Among the 25 columns, null values are present in three columns. These columns correspond to the number of workers in the warehouse (workers_num), the year of warehouse establishment (wh_est_year), and the grade of government certificate approved for the warehouse (approved_wh_govt_certificate).
% of null values in eachg column:
workers_num(4.01 %) wh_est_year(47.29 %) approved_wh_govt_certificate(3.6 %)
workers_num :
- numerical column
- positively skewed Filled null values with median.
wh_est_year :
Since half of the values in the column wh_est_year are null, decided to drop it.
approved_wh_govt_certificate:
- categorical column Filled null values with mode.
No dupliocate values were present in the dataset.
Outliers were present in some of the columns. plotted boxplot to locate outliers.
Determined the count of outliers in every column. Among them, the 'flood_proof' and 'flood_impacted' columns, each containing only two distinct values, exhibit significant disparities in their value distributions and lack correlation. one of the unique values is considered as outlier due to its significantly lower proportion. Consequently, both of these columns were removed from the dataset.
Outliers were detected and removed
Relationship between other features and target variable Product weight
-Warehouse capacity size & Transport issue
- Focus on expanding warehouse operations in rural areas to capitalize on the higher average product weights and the larger share of total product weight, which can potentially lead to increased overall productivity and profitability.
- Prioritize investment in temperature regulating machines and enhancing electric supply availability for warehouses to improve product weight and overall warehouse performance.

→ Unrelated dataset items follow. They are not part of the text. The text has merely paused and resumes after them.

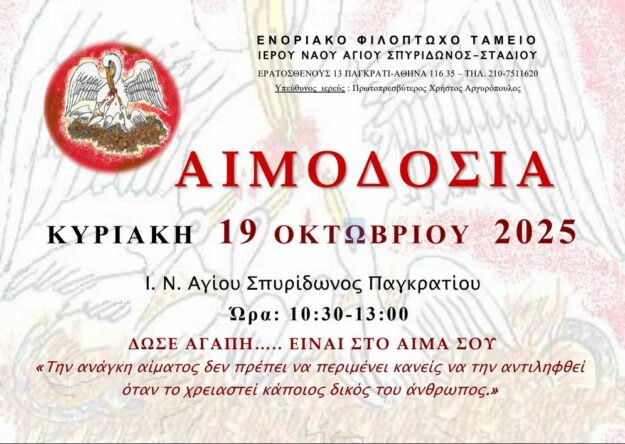 ΑΙΜΟΔΟΣΙΑ – ΚΥΡΙΑΚΗ 19.10.2025 (10:30 – 13:00)
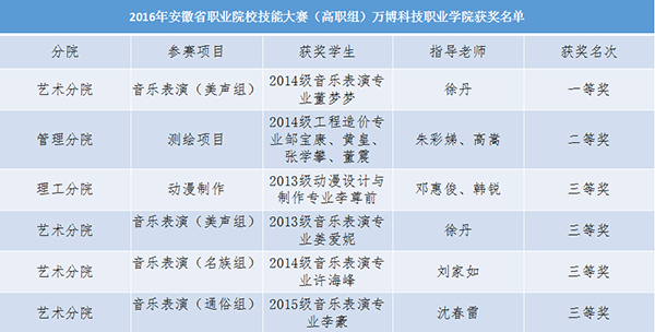 在音乐表演竞赛项目上,我院2014级董梦梦同学唱功扎实🐊👄,技艺精湛,在指导老师徐丹的悉心帮助下一举夺得美声组一等奖的优异成绩。此外,我院2013级姜爱妮同学在同一项目上荣获美声组三等奖(指导老师徐丹)🤛🏼;2014级许海峰同学荣获音乐表演项目民族组三等奖(指导老师刘家如);2015级李豪同学荣获音乐表演项目通俗组三等奖(指导老师沈春雷)🙋🏿♂️。在测绘竞赛项目上,由我院2014级工程造价专业邹宝康🔲、黄皇、张学攀、董震4位同学组成的参赛团队在指导老师朱彩娣📉、高嵩的悉心指导下𓀝,在一级导线测量上表现突出👐,荣获了二等奖的好成绩。在动漫制作项目上,我院2013级动漫设计与制作专业李尊前同学在指导老师邓惠俊〽️𓀗、韩锐的悉心指导下🎅🏽,荣获该项目三等奖👑。
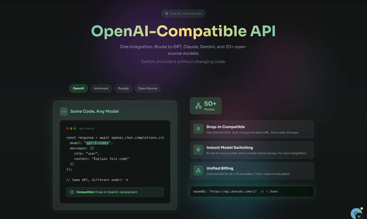 Instead of calling raw LLMs like GPT-5.1, developers can invoke purposeful models like `code-generator-model` or `secure-code-review`. AskCodi enables reasoning, auto-review, and secure output management at the model level, with support for open-source models and internal policies.
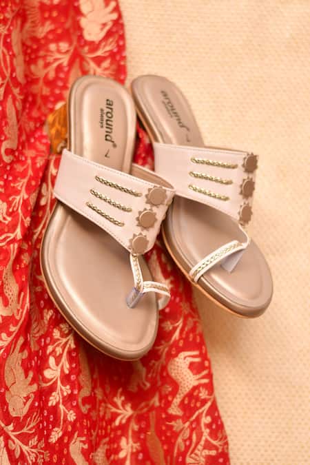Ivory Kolhapuri-inspired heels featuring golden accents and a brocade block heel.
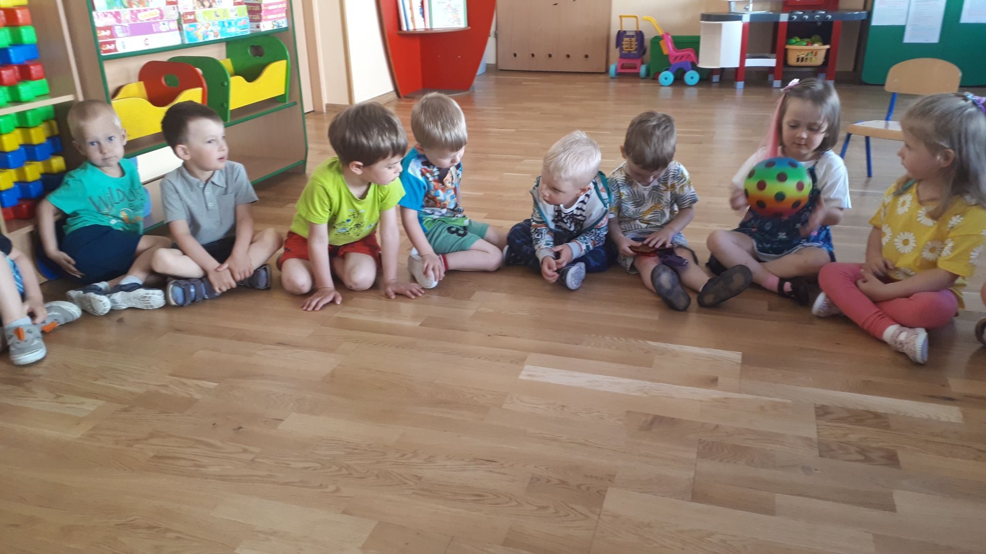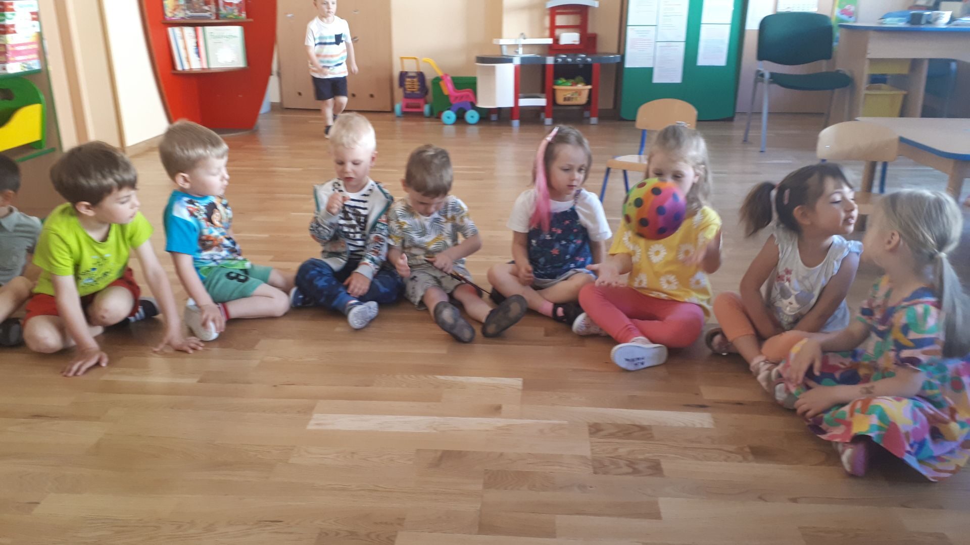 - „Powitanie z kolorami tęczy – zabawa wprowadzająca w kole.

- It is evident that, as production increases, storage issue increases. Hence, storage capacity must be upgraded to accomodate higher product weights. This highlights the importance of regularly assessing and expanding storage infrastructure in line with the production increments to ensure smooth warehouse operations and prevent bottlenecks.
- Implement proactive maintanance protocols. Invest in scalable solutions to accomodate higher production levels while minimizing the risk of operational disruptions caused by breakdowns. Conduct comprehensive analysis to identify root causes of braekdowns during periods of heightened production.
- Explore quality standards associated with different government approval grades. Identify opportunities to enhance product quality standards across all warehouse facilities.
- Workers number does not significantly affect production. Examine various factors such as technology adoption, training programs, and workflow optimization strategies to understand their collective impact on production efficiency.